§ Work order:
In the records below, find the line with "Vendo per passaggio", then copy each line exactly until you have copied the line with "Spread joy with". Leave any picture out.

§ Working data:
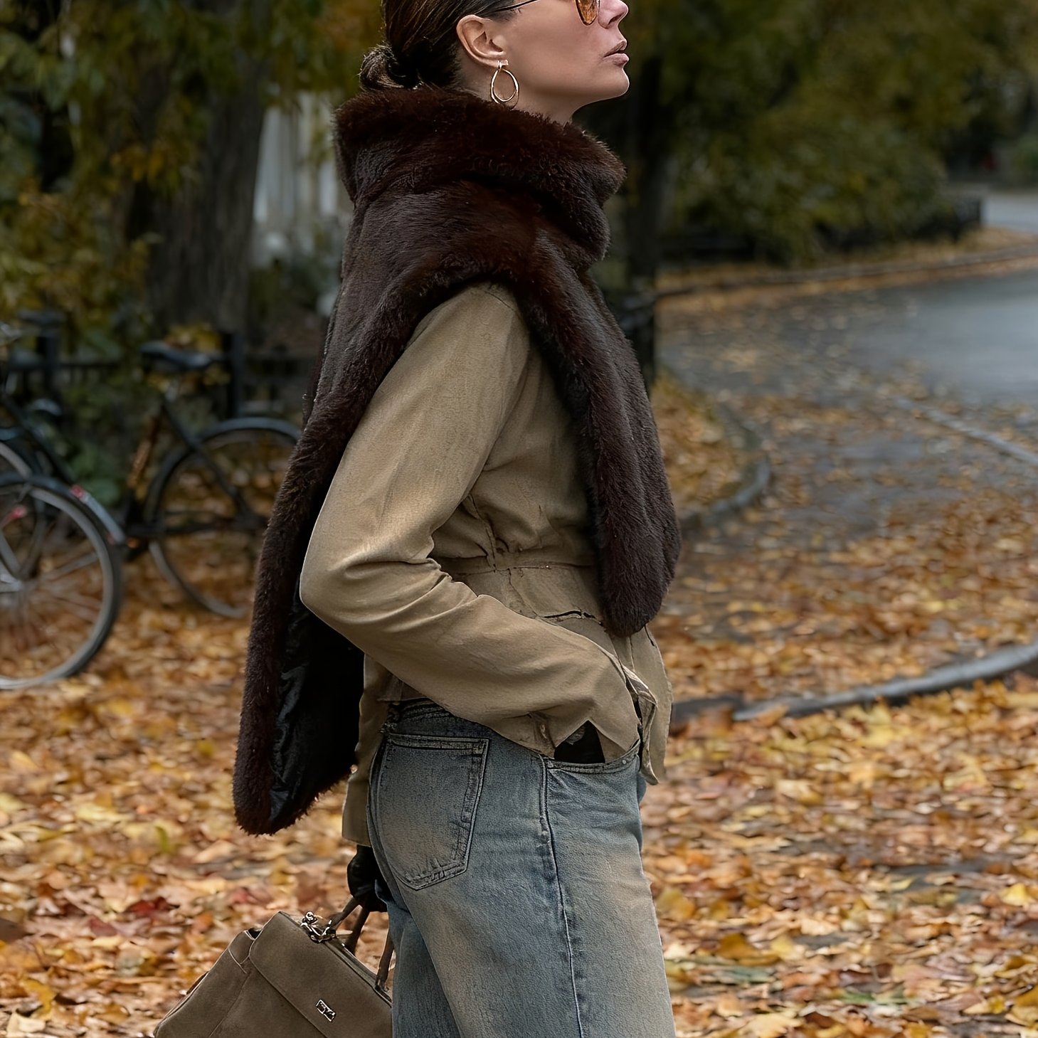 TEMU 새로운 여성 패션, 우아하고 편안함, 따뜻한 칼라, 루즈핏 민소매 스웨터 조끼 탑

---

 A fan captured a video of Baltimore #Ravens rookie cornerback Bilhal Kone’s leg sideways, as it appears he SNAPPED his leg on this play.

...

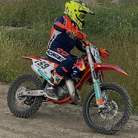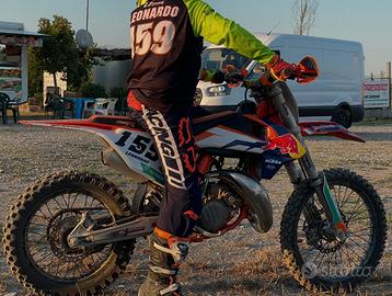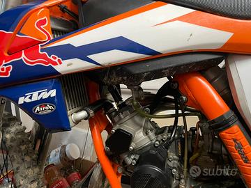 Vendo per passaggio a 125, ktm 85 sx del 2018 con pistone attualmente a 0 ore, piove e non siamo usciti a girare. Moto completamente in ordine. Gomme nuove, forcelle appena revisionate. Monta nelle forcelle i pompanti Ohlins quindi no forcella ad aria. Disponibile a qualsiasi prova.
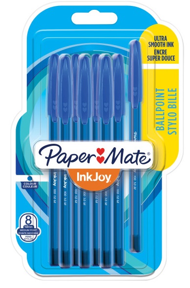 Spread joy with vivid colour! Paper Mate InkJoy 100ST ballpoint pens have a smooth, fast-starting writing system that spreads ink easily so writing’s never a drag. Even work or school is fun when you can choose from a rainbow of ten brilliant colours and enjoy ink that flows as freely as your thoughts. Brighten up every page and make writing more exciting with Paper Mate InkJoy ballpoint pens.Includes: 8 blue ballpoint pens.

§ Task solution:
 Vendo per passaggio a 125, ktm 85 sx del 2018 con pistone attualmente a 0 ore, piove e non siamo usciti a girare. Moto completamente in ordine. Gomme nuove, forcelle appena revisionate. Monta nelle forcelle i pompanti Ohlins quindi no forcella ad aria. Disponibile a qualsiasi prova.
 Spread joy with vivid colour! Paper Mate InkJoy 100ST ballpoint pens have a smooth, fast-starting writing system that spreads ink easily so writing’s never a drag. Even work or school is fun when you can choose from a rainbow of ten brilliant colours and enjoy ink that flows as freely as your thoughts. Brighten up every page and make writing more exciting with Paper Mate InkJoy ballpoint pens.Includes: 8 blue ballpoint pens.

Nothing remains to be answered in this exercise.